A Day He Will Never Forget
Scott was active as a child, and he played various sports including baseball and basketball. He remembers exactly when his life changed: the first day of his freshman year of high school, second period, when he was pulled out of class and found out he had osteosarcoma.
As part of his cancer treatment, he needed an above-the-knee amputation, which would give him the best opportunity to return to sports. But he had hoped to play sports in college, and possibly even professionally, so he had to adjust his expectations. “I knew that was not a reality anymore because of my leg,” he says.
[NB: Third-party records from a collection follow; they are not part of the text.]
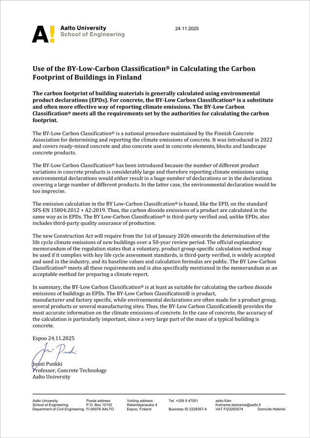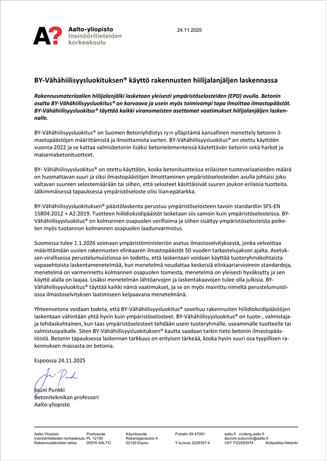 BY-Vähähiilisyysluokituksen EPD-vastaavuus
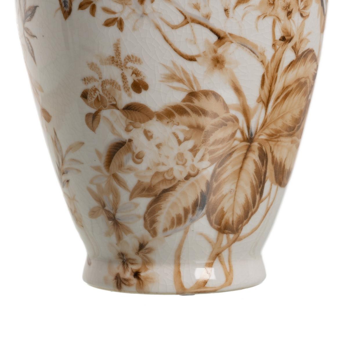JARRÓN BLANCO-MARRÓN PORCELANA 19 X 19 X 33 CM .
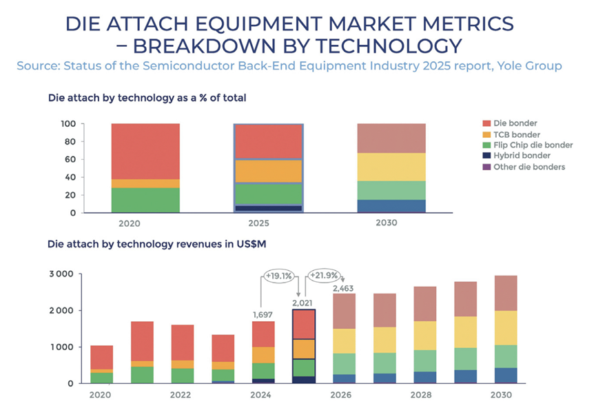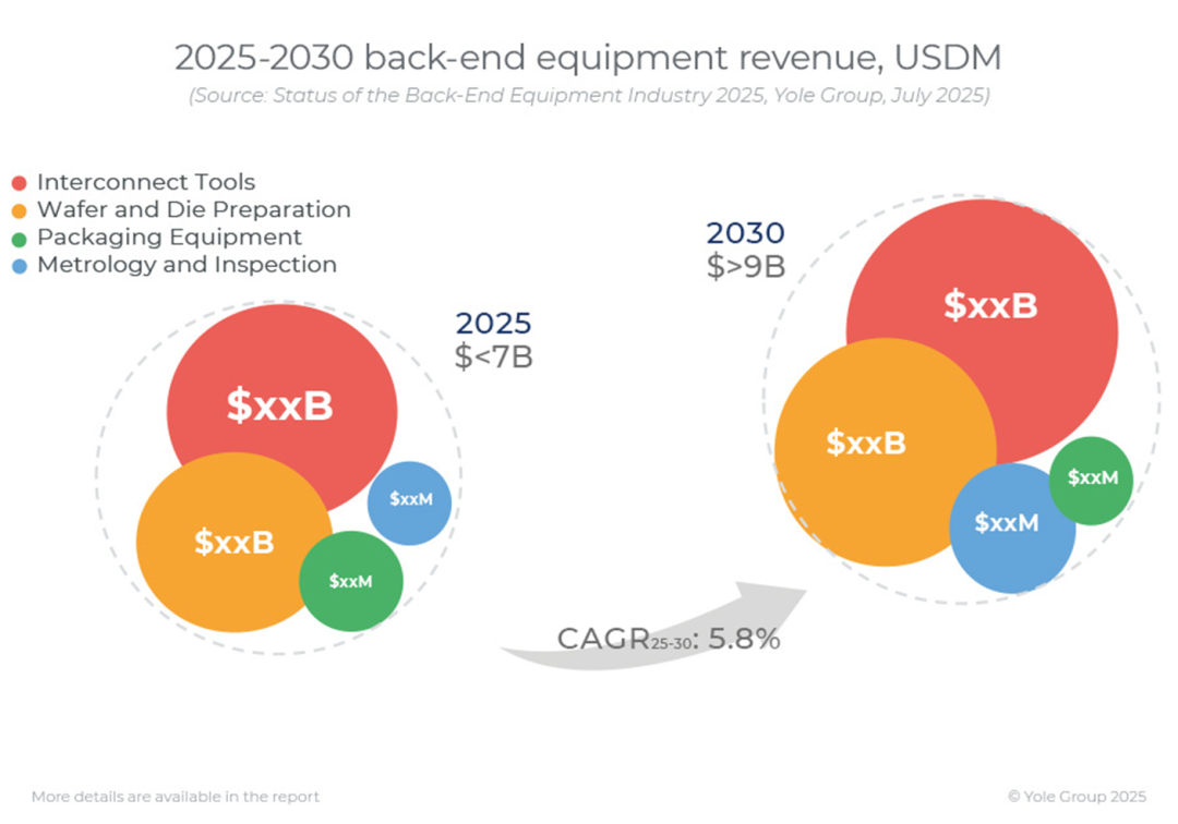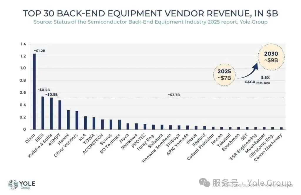 先进封装市场的火热也点燃了先进封测设备的发展浪潮。Yole Group 在报告中指出,2025 年后端设备总收入约70 亿美元,预计到 2030 年将超过90亿美元,年复合增长率接近 6%。
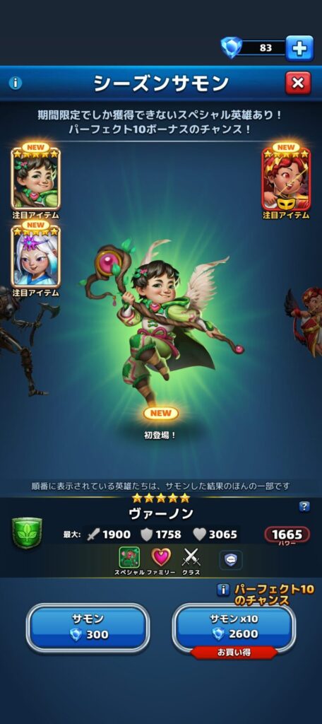 出た順番通りにサモン結果を報告致しますので、是非参考にして頂ければと思います。
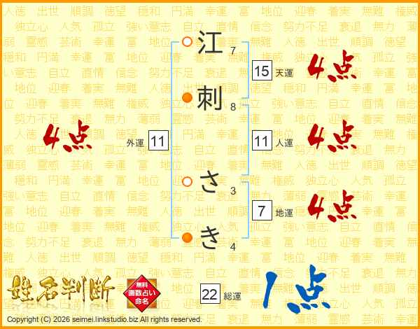 江刺さきさんの総運は22画の1点!
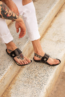 L’uomo è un giovane fiero che va incontro alla vita con entusiasmo e coraggio, pronto a svelare la nudità del suo piede. Anche per lui materiali come la vacchetta nei colori rubati alla natura, verde bosco, tabacco, testa di moro e per finire il nero rock. Il design accattivante si traduce in interventi di borchiette martellate, treccine di pelle ed elastici etnici.
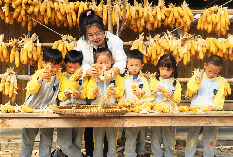 马岙当地一农场,一名老师正带着小朋友们体验劳动 记者 陈永建 摄
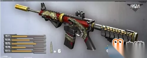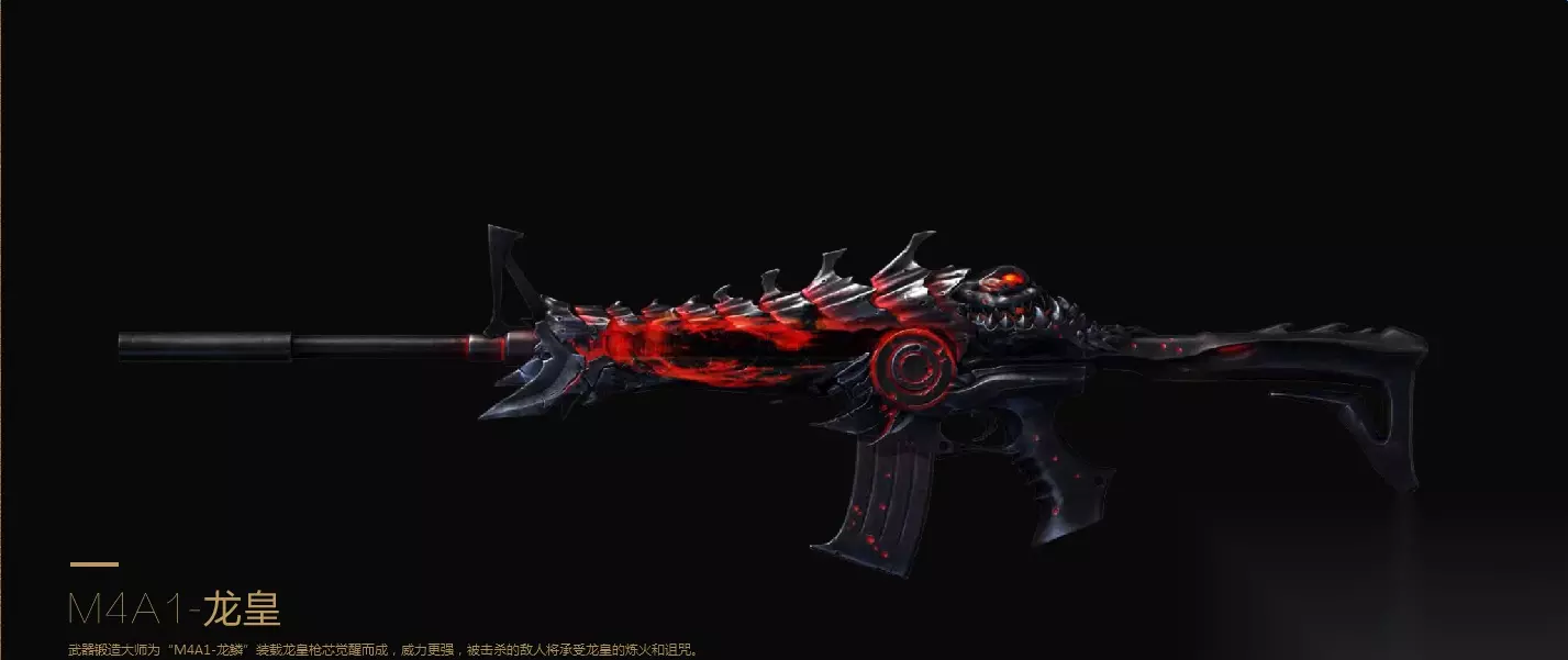 15、M4A1-龙皇 龙鳞的升级版,从道聚城购买龙皇枪芯升级获得!各个枪械的各方面属性都大大提升!外表光效变得更加炫酷。 推荐指数:7
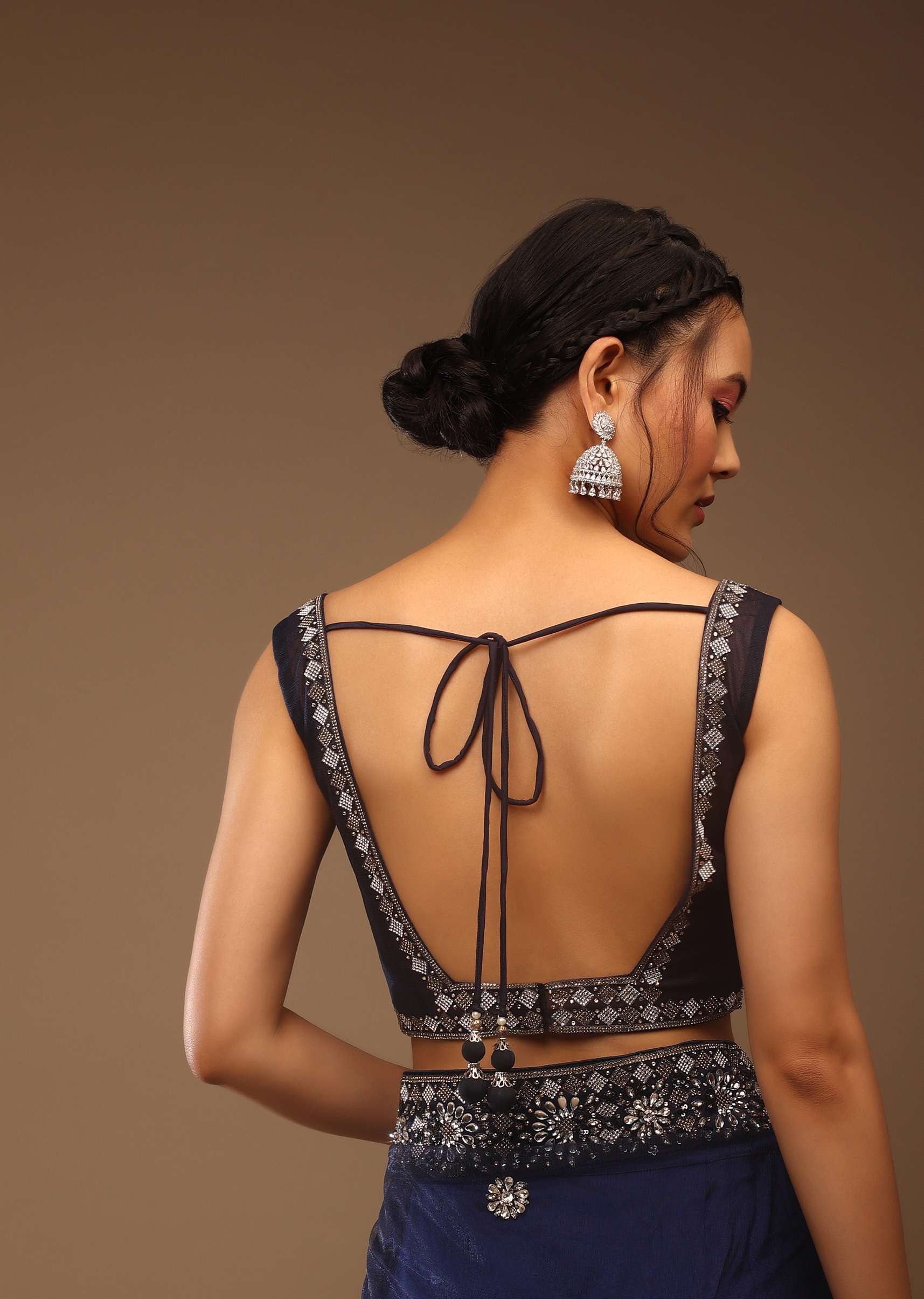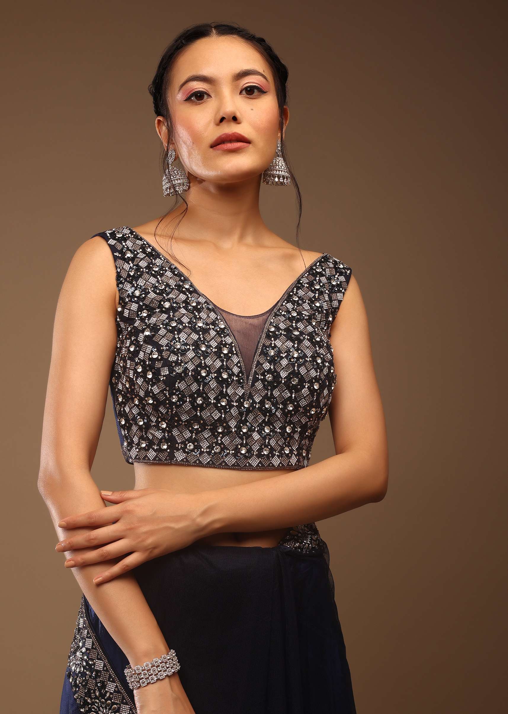 Peacoat Blue Saree With The Crop In Stones Embellishment
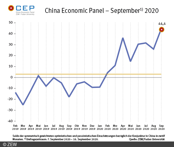 In der aktuellen September-Umfrage (07.09. – 16.09.2020) steigt der CEP-Indikator um 18,3 Punkte auf 44,4 Punkte. Dies ist mit Abstand der höchste Wert des Indikators seit Beginn der Umfrage Mitte 2013. Der CEP-Indikator, der auf Basis des China Economic Panel (CEP) in Kooperation mit der Fudan Universität, Shanghai, erhoben wird, gibt die Konjunkturerwartungen internationaler Finanzmarktexpertinnen und Finanzmarktexperten für China auf Sicht von zwölf Monaten wieder.
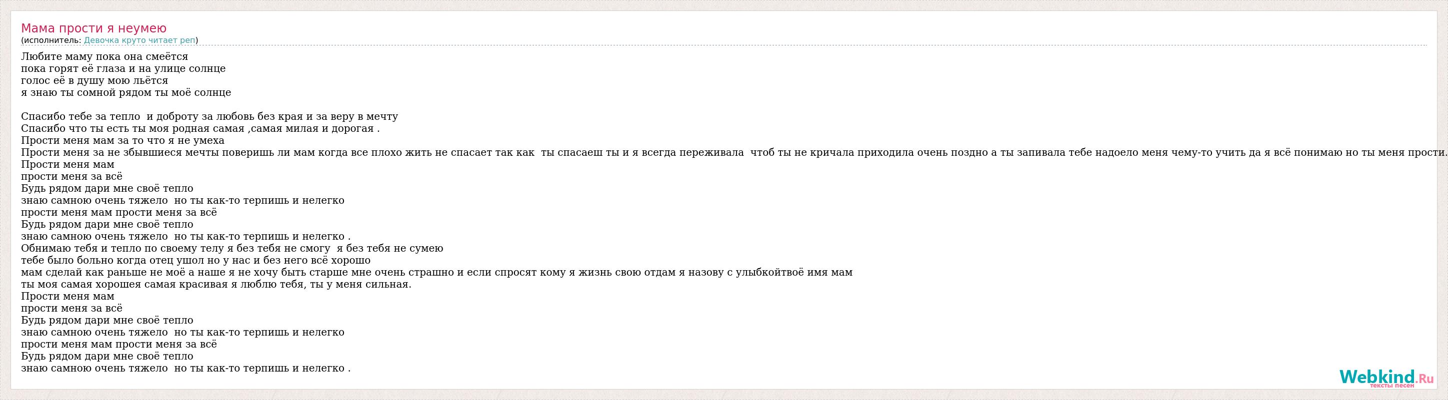 Любите маму пока она смеётся пока горят её глаза и на улице солнце голос её в душу мою льётся я знаю ты сомной рядом ты моё солнце Спасибо тебе за тепло и доброту за любовь без края и за веру в мечту Спасибо что ты есть ты моя родная самая ,самая милая и дорогая . Прости меня мам за то что я не умеха Прости меня за не збывшиеся мечты поверишь ли мам когда все плохо жить не спасает так как ты спасаеш ты и я всегда переживала чтоб ты не кричала приходила очень поздно а ты запивала тебе надоело меня чему-то учить да я всё понимаю но ты меня прости. Прости меня мам прости меня за всё Будь рядом дари мне своё тепло знаю самною очень тяжело но ты как-то терпишь и нелегко прости меня мам прости меня за всё Будь рядом дари мне своё тепло знаю самною очень тяжело но ты как-то терпишь и нелегко . Обнимаю тебя и тепло по своему телу я без тебя не смогу я без тебя не сумею тебе было больно когда отец ушол но у нас и без него всё хорошо мам сделай как раньше не моё а наше я не хочу быть старше мне очень страшно и если спросят кому я жизнь свою отдам я назову с улыбкойтвоё имя мам ты моя самая хорошея самая красивая я люблю тебя, ты у меня сильная. Прости меня мам прости меня за всё Будь рядом дари мне своё тепло знаю самною очень тяжело но ты как-то терпишь и нелегко прости меня мам прости меня за всё Будь рядом дари мне своё тепло знаю самною очень тяжело но ты как-то терпишь и нелегко .

Attending Camp Sanguinity with other kids facing cancer, including Kaleb Collins, was one of the things that helped him come to terms with the way cancer changed his life.
Finding His Path
Scott was not sure what he wanted to do after he graduated from high school, so he took a year off, then enrolled in community college. “Really, all I wanted to do was play sports,” he says. Wheelchair basketball was an option, but it was not for him. “I had learned how to walk and run with my prosthesis. Why would I just sit in a wheelchair when I could do all that now?”
He started building a basketball organization for amputees, traveling from Texas to California to meet other players. He transferred to the University of Phoenix so he could take online classes that worked better with his schedule.
In the process, he found his career niche. “I was meeting kids and adults with disabilities or cancer, and I got my foot into the prosthetic world as a patient advocate,” he says. He transitioned the basketball organization into a nonprofit that raises money for kids with cancer and limb loss. “I am still doing something I love to do, and I have this career where I am helping people. I feel like this is where I am supposed to be,” he says.
The Financial Impact
As a teenager fighting cancer, Scott’s parents did not tell him how much his cancer treatment cost. Over time, he found out that his cancer treatment left his father, a self-employed auto mechanic, and his mother, a stay-at-home mom, with more than $1 million in medical debt.
As an adult, he has had to face his own financial challenges due to his cancer treatment. Top-quality prosthetic legs are expensive, because they include microprocessors that help make them safer and better for walking and standing. Scott estimates that a complete above-the-knee prosthetic, with knee, socket, and foot, retails between $40,000 and $80,000. Standard versions without high-end computer chips can cost $15,000 to $40,000.
Every two to three years he needs a new prosthesis. “That is a lifelong thing. And I am always going to need new sockets and new legs, liners, and supplies,” he says. “Insurance only pays part, and I have to pay the deductible.”